[WEB4LIB] Re: Making the Invisible Web more Visible

Richard Wiggins rich at richardwiggins.com
Fri Jun 7 23:34:09 EDT 2002


Some folks at Stanford proposed in 1997 or so a scheme for Web sites in
general to talk mano-a-mano to spiders, feeding them metadata and page
summaries directly, instead of hoping the spider can infer it all by
crawling and skimming HTML.  Great idea, never happened.

There is no reason why database-driven Web content can't be served to
spiders either along the lines of the Stanford idea, or as pseudo-static
HTML.  We did that years ago for the course catalog at Michigan State. 
Works great.  Yum, yum, great spider food.

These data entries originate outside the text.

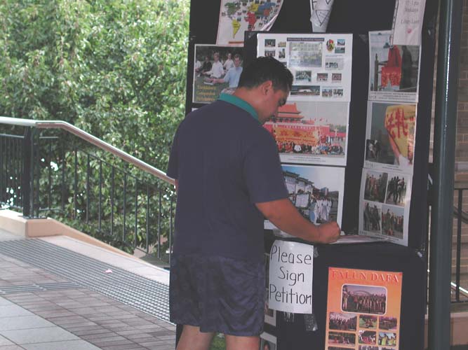 第二周我们的弘法地点从校园主干道转到了图书馆前,虽然我们分到的摊位不是很突出的位置,却也丝毫阻挡不了有缘人。我们将正法之路图片展架并排放在行人必经而又不阻塞交通的地方,引来许多人在图片前驻足,我们写好了“请签名”的标签放在展板前,很多人在看完图片后自动就签了名,已经不需要我们去问。这些善良的人,在帮助制止镇压的同时,也为自己赢得了美好的未来。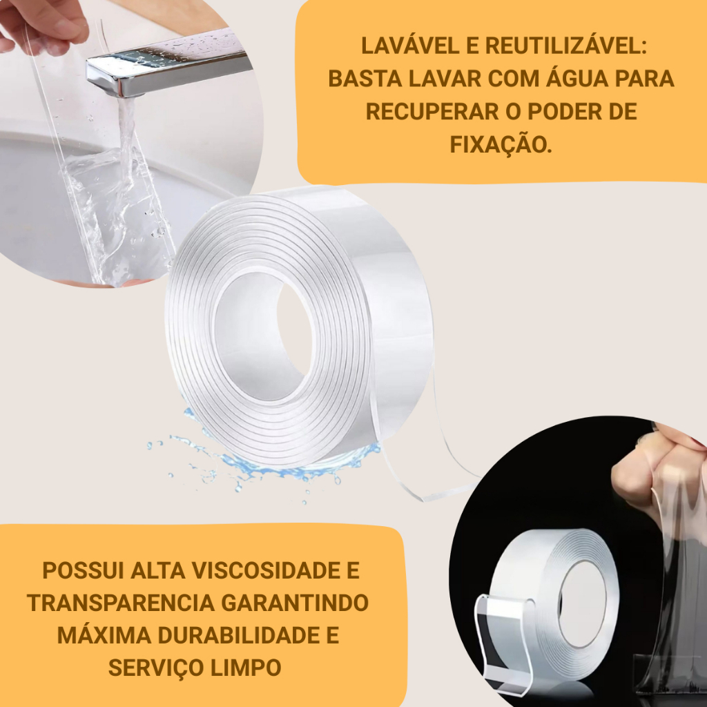 Fitas Dupla Face Adesiva Extra Forte Transforme sua rotina – a solução prática, moderna e versátil para organizar, decorar e fixar objetos sem sujeira e sem esforço! Feita em silicone adesivo de alta qualidade, essa fita é elástica, lavável e reutilizável, garantindo máxima durabilidade e economia. Com adesão poderosa, fixa em diferentes superfícies como azulejo, madeira, vidro, plástico e metal, substituindo pregos, parafusos e colas comuns. Benefícios que fazem a diferença: Adesão imediata e super forte – segura desde objetos leves até os mais pesados. Versatilidade total – ideal para casa, escritório, carro ou qualquer ambiente. Lavável e reutilizável – basta lavar com água para recuperar o poder de fixação. Praticidade no dia a dia – corte no tamanho desejado, cole e pronto! Sem furos e sem sujeira – preserve suas paredes e móveis com acabamento limpo e elegante. Exemplos de uso: Fixar quadros, fixar carpetes,fotos e decorações sem furar a parede. Organizar cabos e acessórios de forma prática. Colocar o celular no carro ou na cozinha enquanto cozinha. Manter móveis firmes e livres de deslizamentos. Guardar controles, escovas de dente e pequenos objetos em locais estratégicos. As possibilidades são infinitas – a imaginação é o limite! Especificações Técnicas: Cor: Transparente Material: Nano Gel de silicone Espessura: 1 mm Comprimento por rolo: 3 metros Largura: 3cm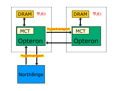这样,就造成了Opteron体系中各个处理器访问本节点内存与访问其它内存时所需时间的不一致性;同时由于所有的内存为处理器所共享,就必须保证各个处理器中相关缓存的一致性。故此,人们把具备这种特性的多处理器系统形象地称为ccNUMA(Cache Coherence Non Uniform Memory Access)。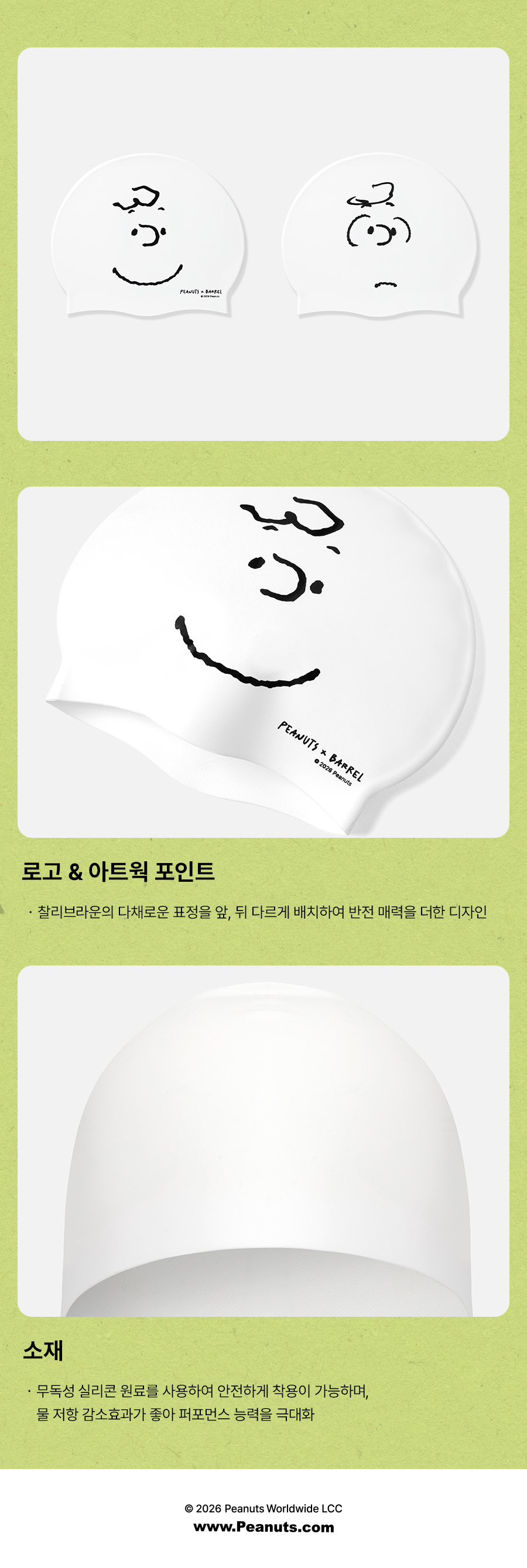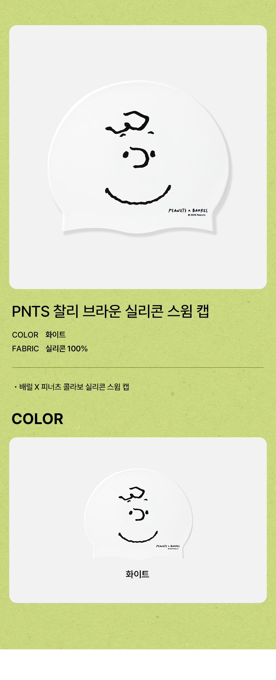 PNTS 찰리 브라운 실리콘 스윔 캡 화이트 (B6SUASC074WHT)

As an example, please visit:

http://search.msu.edu/specialindexes/index.html?q=&i=Courses

Search on any university course topic you find interesting.  For instance:

http://search.msu.edu/specialindexes/index.html?q=physics&i=Courses

You're searching an AltaVista index for content that resides in a database. 
No invisible Web any more.

This was fairly trivial to set up, and, as I say, we've been doing it for
years.  (Clever insight by my former colleague Dennis Boone was to build
pointer pages with null text for the HREFs so the spider doesn't index the
pointer page.)

The AltaVista Intranet product can also talk directly via ODBC to databases
to index content.

The whole "invisible Web" stuff is, in my opinion, way overblown.   All that
keeps database-driven content from being indexed by spiders is:

-- Lack of understanding of how easy this is to fix.

-- Lack of initiative by content providers to take trivial steps to fix it.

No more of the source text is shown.